Estranhamente, os postuladores do conceito supostamente inovador da "cobertura universal" passam ao largo do gravíssimo problema da segmentação da oferta de acordo com as classes sociais e o tipo de proteção garantido pelas diferentes modalidades de seguros públicos ou privados. Segmentação na cesta e na qualidade dos cuidados garantidos (NORONHA, 2013).

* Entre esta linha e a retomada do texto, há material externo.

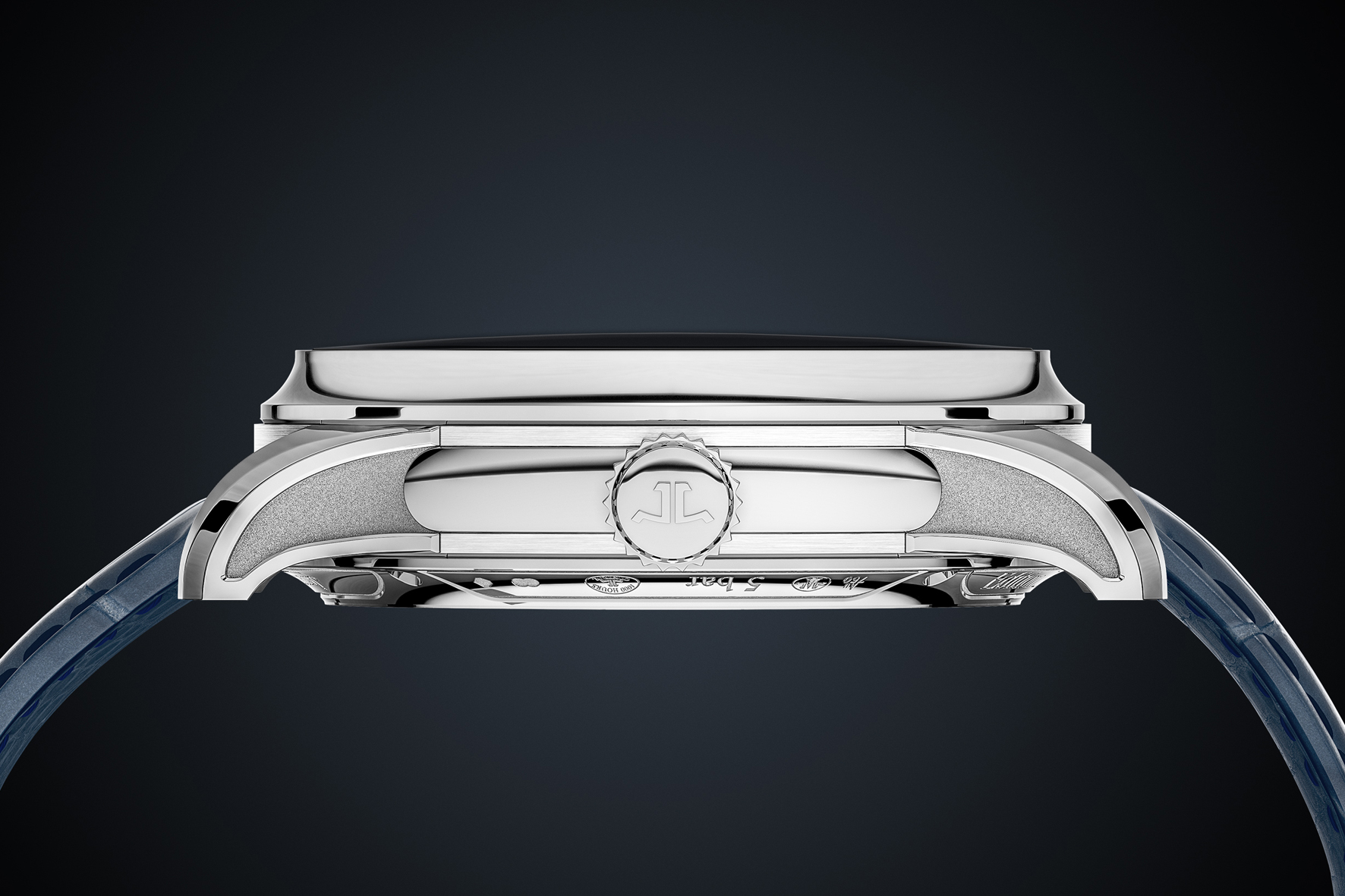 Il design dell’orologio riflette un mix di tradizione e modernità, che enfatizza il profilo rotondo della cassa 43mm in oro bianco mentre il pulsante a scomparsa della ripetizione minuti ne preserva la linearità. Lavorazioni come il guillochage, il martelage e lo smalto Grand Feu fanno parte delle tradizionali finiture haut-de-gamme che sono praticate da Jaeger-LeCoultre nel Master Grande Tradition Gyrotourbillon Westminster Perpétuel. Queste finiture sono presenti sul quadrante traforato prodotto in smalto Grand Feu di colore blu con lavorazione guilloché o argentato grené.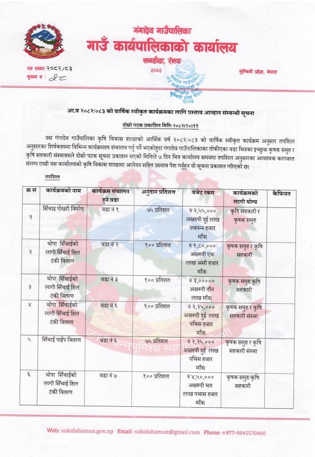 आ.व. २०८२/०८३ को वार्षिक स्वीकृत कार्यक्रमका लागि प्रस्ताव आह्वान सम्बन्धि सूचना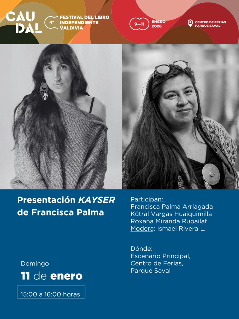 Prontamente, el domingo 11 de enero a las 15:00 hrs. será presentado como parte de la programación del Festival Caudal en Valdivia, ocasión en la que la autora estará acompañada de las poetas Roxana Miranda Rupailaf y Kutral Vargas Huaiquimilla.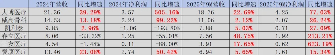 如果说2024年中国骨科企业业绩仍呈两极分化,那么2025年则是中国骨科业绩全面回暖的一年。在A股同花顺医疗耗材行业分类下,主营产品包含骨科相关业务的16家上市公司中,2025年前三季度有14家实现营收同比增长,11家实现净利润同比增长。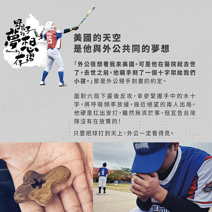 「出國比賽」是很多運動員的夢想,可是對於來自棒球偏鄉的孩子來說,看見窗外的世界是一種甜蜜的負擔,卻又想勇敢地掌握自己未來。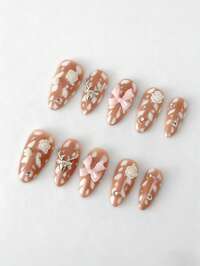 Kawaii 10 piezas de uñas postizas reutilizables en forma de almendra, color rosa suave, con moño floral, con gel de gelatina, hazlo tú mismo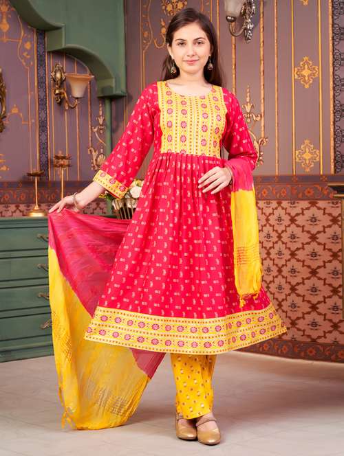 - » girls three quarter sleeve kurta pant with dupatta set

A 15ª CNS como espaço de mobilização Na medida em que a 15ª Conferência Nacional de Saúde se orientará pelo tema Saúde pública de qualidade para cuidar bem das pessoas. Direito do povo brasileiro, levar em conta a necessidade e a importância de os brasileiros se apropriarem da conquista que representam tanto o direito à saúde garantido constitucionalmente quanto um sistema de saúde público, gratuito e universal, pode ser um caminho para se conformar uma mobilização em prol da concretização desses projetos e radicalizar o cumprimento dos princípios e diretrizes da política de saúde “construídos na contracorrente das tendências hegemônicas de reforma dos Estados”, (NORONHA, LIMA E MACHADO, 2014). Tratar doenças é apenas parte disso, o que torna a lógica necessário protegê-la contra “riscos financeiros” (CEBES, 2014). Como apontado no Manifesto do Cebes, a fórmula da cobertura universal de saúde vem sendo construída a partir da iniciativa de doadores e parceiros privados e encampada pela OMS e aparece no documento publicado pela Fundação Rockefeller intitulado “Mercados futuros de saúde: uma declaração da reunião em Bellagio” (ROCKEFELLER FOUNDATION, 2012).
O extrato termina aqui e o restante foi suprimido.